My question: how could betting markets conception of stats and probability be worse than what occurs in large areas of science now? Fisher [1] himself used game theoretic arguments to justify procedures he invented. Betting arguments have been critical for probability theory.

A primary researcher of this topic of information synthesis via betting markets is Robin Hanson from George Mason University. Prior to earning a doctorate in economics, his academic background includes a graduate level (M.S.) degree in physics and philosophy of science.

In discussing the design of information markets, he writes

Information markets are institutions for accomplishing this task via trading in speculative markets, at least on topics where truth can be determined later. Relative to simple conversation, it is harder to say any one thing by market trading, and there are fewer things one can say. When people do not know whom to believe, however, the fact that a trader must put his money where his mouth is means that the things people do say in information markets can be more easily believed. Those who know little are encouraged to be quiet, and those who think they know more than they do learn this fact by losing.

Getting back to stat intuition – I’ve found nothing clarifies my thought more than considering whether a proposition or procedure is worth betting a day or a weeks pay on.

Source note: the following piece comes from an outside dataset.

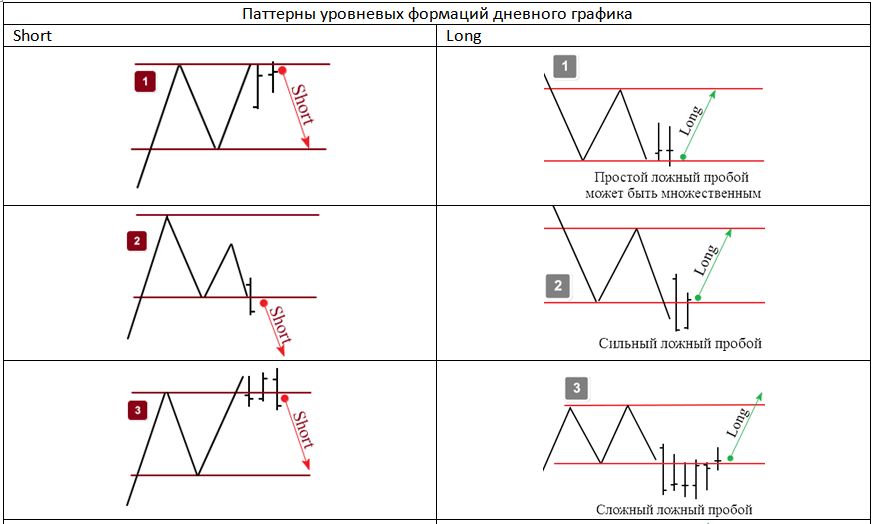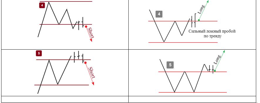 | Возможное обоснование входа | При пробое уровня и локальном удержании (в идеале закрепление 1 баром) торгую в расчете на выход по стопам покупателей в балансе | Возможное обоснование входа | При ложном пробое после подтверждения актуальности уровня торгую в продолжение локального тренда | ||
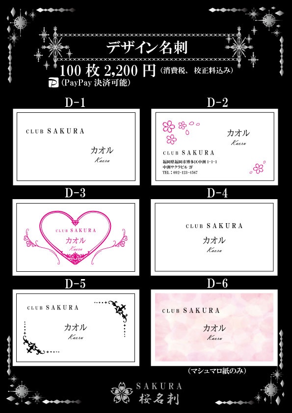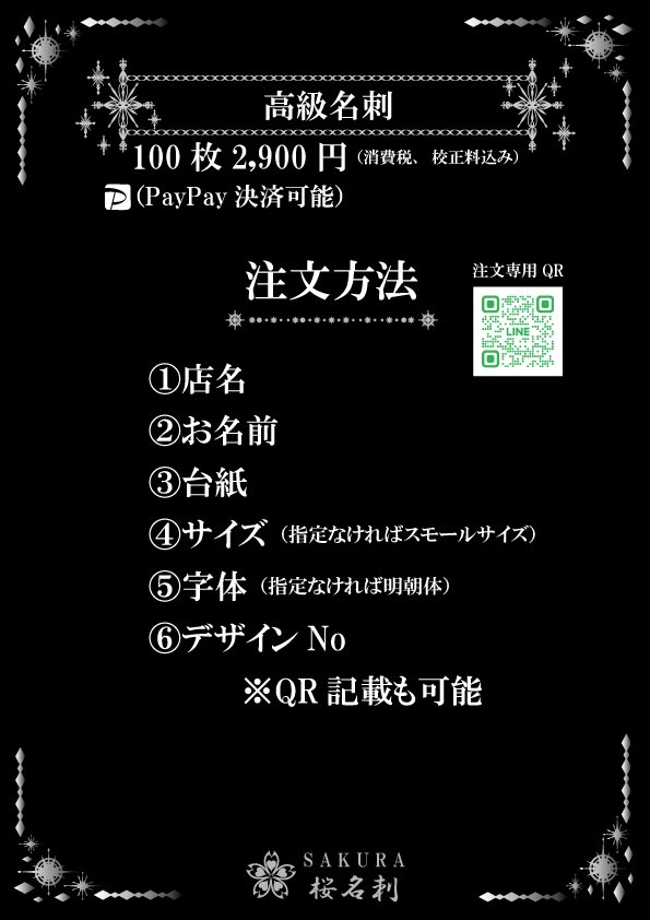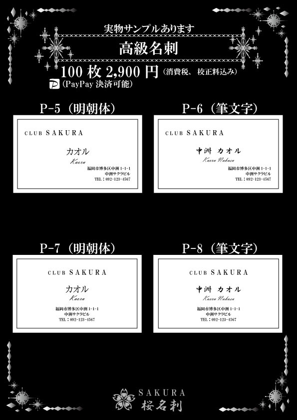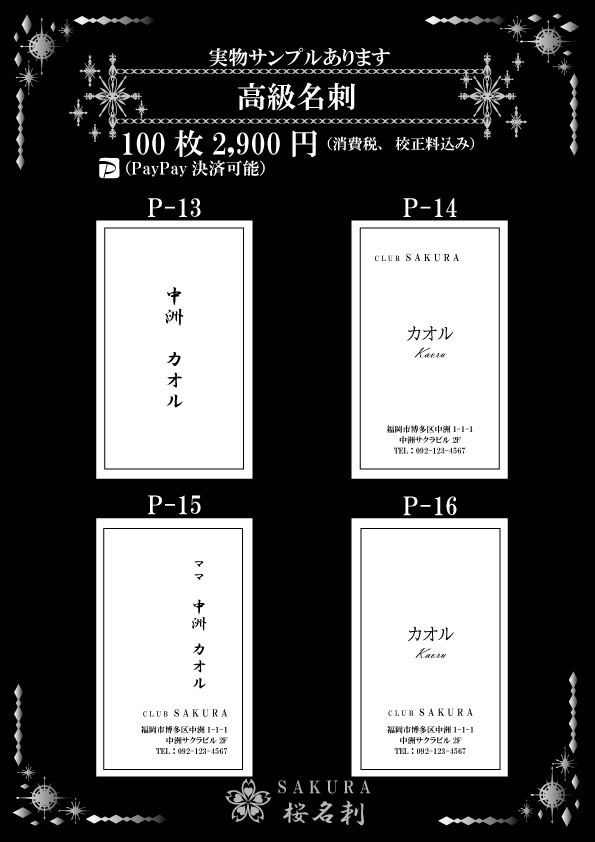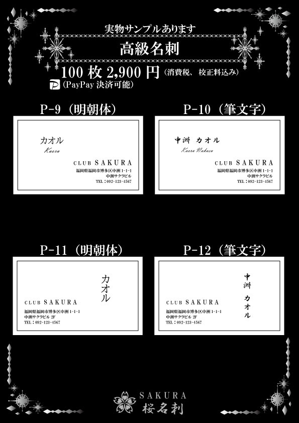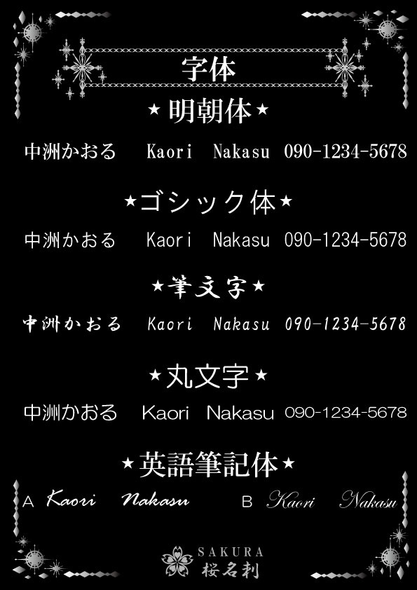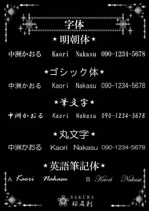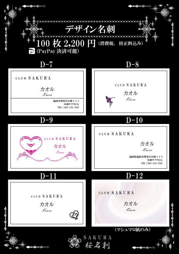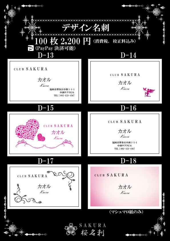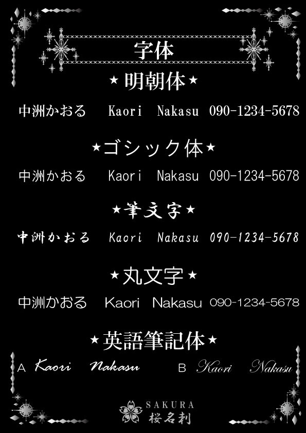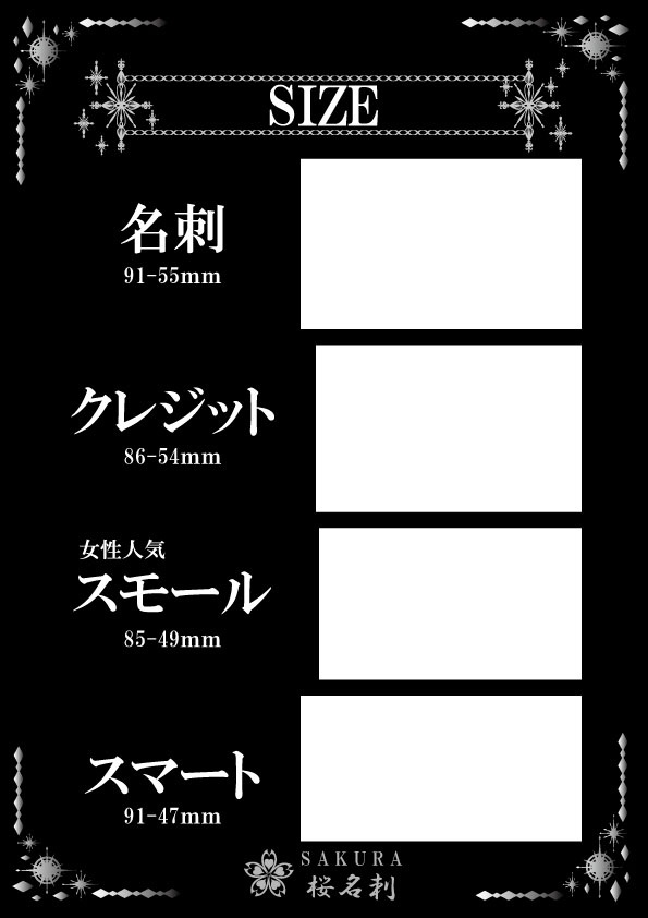全18パターンお好きなデザインをお選びいただき作成いたします。台紙、名刺サイズ、字体もお選びできオリジナリティある名刺が作成できます。

It is worthwhile for me to figure out how to derive a proof sketch based on betting type arguments among rational traders, regarding why the practices in the following thread are wrong:

Further Reading

  1. Senn, S. (1994), Fisher’s game with the devil. Statist. Med., 13: 217-230.

I would rephrase it as the Successful is the enemy of the merely Conjectural. The examples I gave show how troubleshooting in the wake of an apparently “failed” replication can lead to the production of new knowledge and scientific advance. The Lithgow et al roundworm lifetime example (which is from biology, not physics) provides a template others can follow; so does the proton radius example (minus the unfortunate groupthink aspect). In other words, Freedman’s “shoe leather” works. If anyone has a concrete example/case study of FPP creating new knowledge from a situation of disputed or failed “replication”, bring it forth. I note that Harry Crane (who proposed FPP) and Ryan Martin’s Researchers.One platform provides no FPP mechanism to its authors and reviewers, although it handles other financial transactions (paper submission fee, donations).